DeCicco graduated from Fanshawe College's broadcast journalism program in 1986 and worked for CHYR in Leamington, Ontario, before returning in 1987 to work at CJBK and CJBX, a country music station in London as a reporter covering city hall. From 1994 to 1997, while serving on city council, she was a part-time instructor in a communications course at Fanshawe College.
DeCicco was first elected to London City Council in 1991 as a councillor in Ward Five, becoming the youngest person ever to serve there, after former Ward Five councillor Grant Hopcroft made the jump to the Board of Control.
In 1996 she was an avid supporter of London's bid for the 2001 Canada Summer Games, which were subsequently awarded to London. In 1997, after two, three-year terms as a ward councillor, she topped the polls when she was elected to the London Board of Control and acted as deputy mayor and budget chief to Dianne Haskett, whom she succeeded as mayor in the 2000 election. She was re-elected to a second term in 2003.

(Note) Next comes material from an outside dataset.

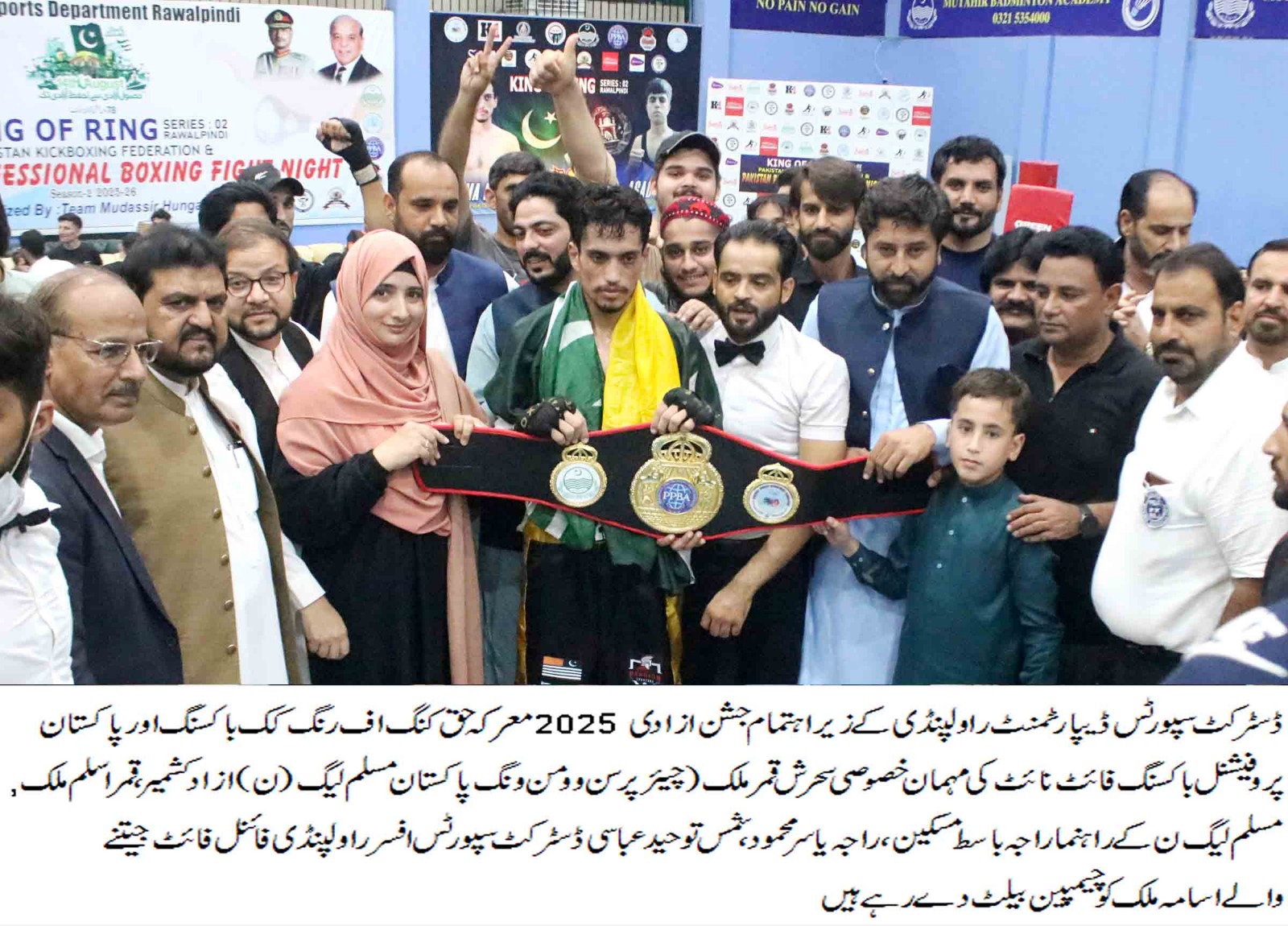 According to the details, the Independence Day 2025 Meerkat Haq King of the Ring Kickboxing and Pakistan Professional Boxing Fight Night Event organized by the District Sports Department Rawalpindi was held at the Shahbaz Sharif Sports Complex, with the special guest of the closing ceremony Ms. Sehrish Qamar Malik was the Chairperson of the Women Wing of Pakistan Muslim League (N) Azad Kashmir. She was accompanied by Qamar Aslam Malik, PML-N leaders Raja Basit Miskin, Raja Yasir Mahmood PS II, Brister Daniyal Chaudhry MNA Sardar Tahir, Sardar Naeem, Malik Raees Awan, Malik Naveed Sadiq, Malik Asim and Bahawalpur Express President Saddam Abbasi. The special guest Sehrish Qamar Malik distributed medals among the players and shields among the officials. He congratulated the District Sports Department Rawalpindi for organizing a wonderful event. On this occasion, the Chairman Organizing Committee Shams Tohid Abbasi, District Sports Officer Rawalpindi, Organizing Secretary Mudassar Bashir Malik Muhammad Sajid Awan also congratulated them for organizing a beautiful event.

She also serves on the board of governors of the University of Western Ontario (UWO) and the London Police Services Board.
On June 17, 2006, DeCicco married Tim Best, a 44-year-old native Londoner who'd previously lived in Texas, that she first met at the John Labatt Centre in downtown London during the 2005 Memorial Cup hockey championship.
On November 13, 2006, DeCicco-Best was re-elected for a third consecutive term as the mayor of London in the 2006 municipal election. Her main opponent was former London North Centre Liberal Member of Parliament Joe Fontana. Her victory in this election, with its four-year term mandated by the province of Ontario, made DeCicco-Best the longest-serving mayor in London's history, in office for 10 consecutive years.
On October 25, 2010, Fontana defeated DeCicco-Best in the 2010 municipal election to become the mayor of London.
DeCicco-Best currently works for Fanshawe college assisting with public relations.
During her time as mayor, DeCicco-Best spent approximately $480,000 of taxpayers' money installing metal trees inside of London. Local surveys showed an overwhelming dislike of the objects, and questioned their cost. "I would have much preferred if real trees were planted instead of cold, obnoxious, vomit-coloured, poorly trimmed telephone poles," said students at the University of Western Ontario.
DeCicco-Best was heavily criticized for the actions of her husband, who opened up a "for profit" check-cashing business outside the city's welfare office, was charged with six criminal counts, including impaired driving causing bodily harm, sentenced to six months in jail, and owned a bar downtown which many believed was an eyesore on the city.
The Jewish National Fund of London honoured Anne Marie DeCicco-Best as its 2011 London Negev Dinner Honouree. As London’s longest-serving Mayor (2000-2010) and member of London City Council for 19 years, DeCicco-Best was recognized for her dedicated contributions to the community throughout her many years of public service, and her unwavering support of the Jewish community.